[Opening RECORDS PROVIDED section]

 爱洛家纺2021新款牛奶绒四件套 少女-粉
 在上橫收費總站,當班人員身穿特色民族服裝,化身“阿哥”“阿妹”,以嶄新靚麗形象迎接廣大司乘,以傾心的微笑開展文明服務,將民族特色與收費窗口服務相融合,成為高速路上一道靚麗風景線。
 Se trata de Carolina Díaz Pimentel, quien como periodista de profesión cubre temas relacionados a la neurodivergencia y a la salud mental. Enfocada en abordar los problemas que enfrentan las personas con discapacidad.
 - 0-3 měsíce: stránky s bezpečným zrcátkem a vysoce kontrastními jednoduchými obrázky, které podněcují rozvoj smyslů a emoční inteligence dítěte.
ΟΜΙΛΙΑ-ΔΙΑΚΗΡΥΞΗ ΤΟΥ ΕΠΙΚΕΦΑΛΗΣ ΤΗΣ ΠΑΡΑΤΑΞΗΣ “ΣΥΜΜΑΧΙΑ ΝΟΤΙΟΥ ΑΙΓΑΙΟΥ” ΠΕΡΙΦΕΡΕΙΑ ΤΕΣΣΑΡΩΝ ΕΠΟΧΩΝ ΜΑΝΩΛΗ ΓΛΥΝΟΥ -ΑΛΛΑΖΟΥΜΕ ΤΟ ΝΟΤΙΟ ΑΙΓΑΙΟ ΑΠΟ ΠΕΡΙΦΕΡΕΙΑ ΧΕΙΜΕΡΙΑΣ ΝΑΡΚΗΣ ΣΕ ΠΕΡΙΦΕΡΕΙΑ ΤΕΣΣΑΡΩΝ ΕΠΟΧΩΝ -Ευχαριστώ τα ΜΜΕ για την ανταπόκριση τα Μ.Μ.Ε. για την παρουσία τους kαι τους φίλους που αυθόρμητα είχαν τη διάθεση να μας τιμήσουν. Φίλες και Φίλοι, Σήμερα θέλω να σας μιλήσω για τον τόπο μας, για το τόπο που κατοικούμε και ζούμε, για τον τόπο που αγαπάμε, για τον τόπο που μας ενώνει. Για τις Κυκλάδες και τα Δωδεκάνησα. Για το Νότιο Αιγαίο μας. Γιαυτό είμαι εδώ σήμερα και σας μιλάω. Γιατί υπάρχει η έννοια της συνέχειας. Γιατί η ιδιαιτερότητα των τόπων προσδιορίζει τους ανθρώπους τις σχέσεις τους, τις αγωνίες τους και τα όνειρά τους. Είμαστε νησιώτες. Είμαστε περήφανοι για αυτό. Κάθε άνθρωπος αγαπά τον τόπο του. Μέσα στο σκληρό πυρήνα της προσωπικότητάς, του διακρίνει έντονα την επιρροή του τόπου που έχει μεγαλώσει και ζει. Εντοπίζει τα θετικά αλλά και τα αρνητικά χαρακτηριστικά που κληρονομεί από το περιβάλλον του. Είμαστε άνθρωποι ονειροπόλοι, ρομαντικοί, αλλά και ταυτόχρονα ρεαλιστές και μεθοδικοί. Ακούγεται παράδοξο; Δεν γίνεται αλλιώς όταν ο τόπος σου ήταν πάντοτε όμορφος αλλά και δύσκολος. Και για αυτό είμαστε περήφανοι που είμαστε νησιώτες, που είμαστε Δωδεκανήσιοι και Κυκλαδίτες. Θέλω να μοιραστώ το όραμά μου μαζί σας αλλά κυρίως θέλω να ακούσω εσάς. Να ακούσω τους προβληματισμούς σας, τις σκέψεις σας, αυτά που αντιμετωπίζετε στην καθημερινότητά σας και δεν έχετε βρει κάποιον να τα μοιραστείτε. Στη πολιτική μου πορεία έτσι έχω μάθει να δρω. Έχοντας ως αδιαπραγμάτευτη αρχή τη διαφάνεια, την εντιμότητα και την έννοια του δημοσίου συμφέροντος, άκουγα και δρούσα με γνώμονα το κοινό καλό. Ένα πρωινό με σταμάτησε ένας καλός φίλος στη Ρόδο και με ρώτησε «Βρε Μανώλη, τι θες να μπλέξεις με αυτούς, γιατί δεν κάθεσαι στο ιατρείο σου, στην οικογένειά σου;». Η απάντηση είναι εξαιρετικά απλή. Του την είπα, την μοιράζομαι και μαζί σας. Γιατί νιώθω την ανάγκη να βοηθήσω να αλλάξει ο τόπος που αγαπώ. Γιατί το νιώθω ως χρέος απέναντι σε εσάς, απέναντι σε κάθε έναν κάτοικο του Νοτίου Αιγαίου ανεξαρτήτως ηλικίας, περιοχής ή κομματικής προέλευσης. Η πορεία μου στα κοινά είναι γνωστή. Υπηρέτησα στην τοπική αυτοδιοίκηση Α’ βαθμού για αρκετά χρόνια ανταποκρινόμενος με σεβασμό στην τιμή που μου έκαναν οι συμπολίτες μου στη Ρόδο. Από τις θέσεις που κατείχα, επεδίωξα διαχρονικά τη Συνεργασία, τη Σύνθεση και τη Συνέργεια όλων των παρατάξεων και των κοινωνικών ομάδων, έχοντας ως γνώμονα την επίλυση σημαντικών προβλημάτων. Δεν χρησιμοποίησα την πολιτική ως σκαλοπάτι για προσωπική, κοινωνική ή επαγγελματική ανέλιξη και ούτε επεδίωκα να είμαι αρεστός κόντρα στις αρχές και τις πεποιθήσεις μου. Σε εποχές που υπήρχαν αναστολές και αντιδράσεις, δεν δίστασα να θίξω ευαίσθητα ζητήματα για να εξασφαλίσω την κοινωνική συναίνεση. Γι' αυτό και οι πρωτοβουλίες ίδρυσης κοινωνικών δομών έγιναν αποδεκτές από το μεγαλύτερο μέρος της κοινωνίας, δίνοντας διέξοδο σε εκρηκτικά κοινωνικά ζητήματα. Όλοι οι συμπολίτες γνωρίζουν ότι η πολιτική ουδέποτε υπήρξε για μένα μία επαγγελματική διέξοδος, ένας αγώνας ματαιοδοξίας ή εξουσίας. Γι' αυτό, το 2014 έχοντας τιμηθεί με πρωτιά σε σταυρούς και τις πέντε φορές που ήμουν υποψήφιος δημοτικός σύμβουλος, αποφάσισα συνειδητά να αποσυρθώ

[Closing RECORDS PROVIDED section]

▸ **REQUIRED ACTION**
Transcribe every record exactly, keeping each line as it is.

▸ **ANSWER AREA**
 爱洛家纺2021新款牛奶绒四件套 少女-粉
 在上橫收費總站,當班人員身穿特色民族服裝,化身“阿哥”“阿妹”,以嶄新靚麗形象迎接廣大司乘,以傾心的微笑開展文明服務,將民族特色與收費窗口服務相融合,成為高速路上一道靚麗風景線。
 Se trata de Carolina Díaz Pimentel, quien como periodista de profesión cubre temas relacionados a la neurodivergencia y a la salud mental. Enfocada en abordar los problemas que enfrentan las personas con discapacidad.
 - 0-3 měsíce: stránky s bezpečným zrcátkem a vysoce kontrastními jednoduchými obrázky, které podněcují rozvoj smyslů a emoční inteligence dítěte.
ΟΜΙΛΙΑ-ΔΙΑΚΗΡΥΞΗ ΤΟΥ ΕΠΙΚΕΦΑΛΗΣ ΤΗΣ ΠΑΡΑΤΑΞΗΣ “ΣΥΜΜΑΧΙΑ ΝΟΤΙΟΥ ΑΙΓΑΙΟΥ” ΠΕΡΙΦΕΡΕΙΑ ΤΕΣΣΑΡΩΝ ΕΠΟΧΩΝ ΜΑΝΩΛΗ ΓΛΥΝΟΥ -ΑΛΛΑΖΟΥΜΕ ΤΟ ΝΟΤΙΟ ΑΙΓΑΙΟ ΑΠΟ ΠΕΡΙΦΕΡΕΙΑ ΧΕΙΜΕΡΙΑΣ ΝΑΡΚΗΣ ΣΕ ΠΕΡΙΦΕΡΕΙΑ ΤΕΣΣΑΡΩΝ ΕΠΟΧΩΝ -Ευχαριστώ τα ΜΜΕ για την ανταπόκριση τα Μ.Μ.Ε. για την παρουσία τους kαι τους φίλους που αυθόρμητα είχαν τη διάθεση να μας τιμήσουν. Φίλες και Φίλοι, Σήμερα θέλω να σας μιλήσω για τον τόπο μας, για το τόπο που κατοικούμε και ζούμε, για τον τόπο που αγαπάμε, για τον τόπο που μας ενώνει. Για τις Κυκλάδες και τα Δωδεκάνησα. Για το Νότιο Αιγαίο μας. Γιαυτό είμαι εδώ σήμερα και σας μιλάω. Γιατί υπάρχει η έννοια της συνέχειας. Γιατί η ιδιαιτερότητα των τόπων προσδιορίζει τους ανθρώπους τις σχέσεις τους, τις αγωνίες τους και τα όνειρά τους. Είμαστε νησιώτες. Είμαστε περήφανοι για αυτό. Κάθε άνθρωπος αγαπά τον τόπο του. Μέσα στο σκληρό πυρήνα της προσωπικότητάς, του διακρίνει έντονα την επιρροή του τόπου που έχει μεγαλώσει και ζει. Εντοπίζει τα θετικά αλλά και τα αρνητικά χαρακτηριστικά που κληρονομεί από το περιβάλλον του. Είμαστε άνθρωποι ονειροπόλοι, ρομαντικοί, αλλά και ταυτόχρονα ρεαλιστές και μεθοδικοί. Ακούγεται παράδοξο; Δεν γίνεται αλλιώς όταν ο τόπος σου ήταν πάντοτε όμορφος αλλά και δύσκολος. Και για αυτό είμαστε περήφανοι που είμαστε νησιώτες, που είμαστε Δωδεκανήσιοι και Κυκλαδίτες. Θέλω να μοιραστώ το όραμά μου μαζί σας αλλά κυρίως θέλω να ακούσω εσάς. Να ακούσω τους προβληματισμούς σας, τις σκέψεις σας, αυτά που αντιμετωπίζετε στην καθημερινότητά σας και δεν έχετε βρει κάποιον να τα μοιραστείτε. Στη πολιτική μου πορεία έτσι έχω μάθει να δρω. Έχοντας ως αδιαπραγμάτευτη αρχή τη διαφάνεια, την εντιμότητα και την έννοια του δημοσίου συμφέροντος, άκουγα και δρούσα με γνώμονα το κοινό καλό. Ένα πρωινό με σταμάτησε ένας καλός φίλος στη Ρόδο και με ρώτησε «Βρε Μανώλη, τι θες να μπλέξεις με αυτούς, γιατί δεν κάθεσαι στο ιατρείο σου, στην οικογένειά σου;». Η απάντηση είναι εξαιρετικά απλή. Του την είπα, την μοιράζομαι και μαζί σας. Γιατί νιώθω την ανάγκη να βοηθήσω να αλλάξει ο τόπος που αγαπώ. Γιατί το νιώθω ως χρέος απέναντι σε εσάς, απέναντι σε κάθε έναν κάτοικο του Νοτίου Αιγαίου ανεξαρτήτως ηλικίας, περιοχής ή κομματικής προέλευσης. Η πορεία μου στα κοινά είναι γνωστή. Υπηρέτησα στην τοπική αυτοδιοίκηση Α’ βαθμού για αρκετά χρόνια ανταποκρινόμενος με σεβασμό στην τιμή που μου έκαναν οι συμπολίτες μου στη Ρόδο. Από τις θέσεις που κατείχα, επεδίωξα διαχρονικά τη Συνεργασία, τη Σύνθεση και τη Συνέργεια όλων των παρατάξεων και των κοινωνικών ομάδων, έχοντας ως γνώμονα την επίλυση σημαντικών προβλημάτων. Δεν χρησιμοποίησα την πολιτική ως σκαλοπάτι για προσωπική, κοινωνική ή επαγγελματική ανέλιξη και ούτε επεδίωκα να είμαι αρεστός κόντρα στις αρχές και τις πεποιθήσεις μου. Σε εποχές που υπήρχαν αναστολές και αντιδράσεις, δεν δίστασα να θίξω ευαίσθητα ζητήματα για να εξασφαλίσω την κοινωνική συναίνεση. Γι' αυτό και οι πρωτοβουλίες ίδρυσης κοινωνικών δομών έγιναν αποδεκτές από το μεγαλύτερο μέρος της κοινωνίας, δίνοντας διέξοδο σε εκρηκτικά κοινωνικά ζητήματα. Όλοι οι συμπολίτες γνωρίζουν ότι η πολιτική ουδέποτε υπήρξε για μένα μία επαγγελματική διέξοδος, ένας αγώνας ματαιοδοξίας ή εξουσίας. Γι' αυτό, το 2014 έχοντας τιμηθεί με πρωτιά σε σταυρούς και τις πέντε φορές που ήμουν υποψήφιος δημοτικός σύμβουλος, αποφάσισα συνειδητά να αποσυρθώ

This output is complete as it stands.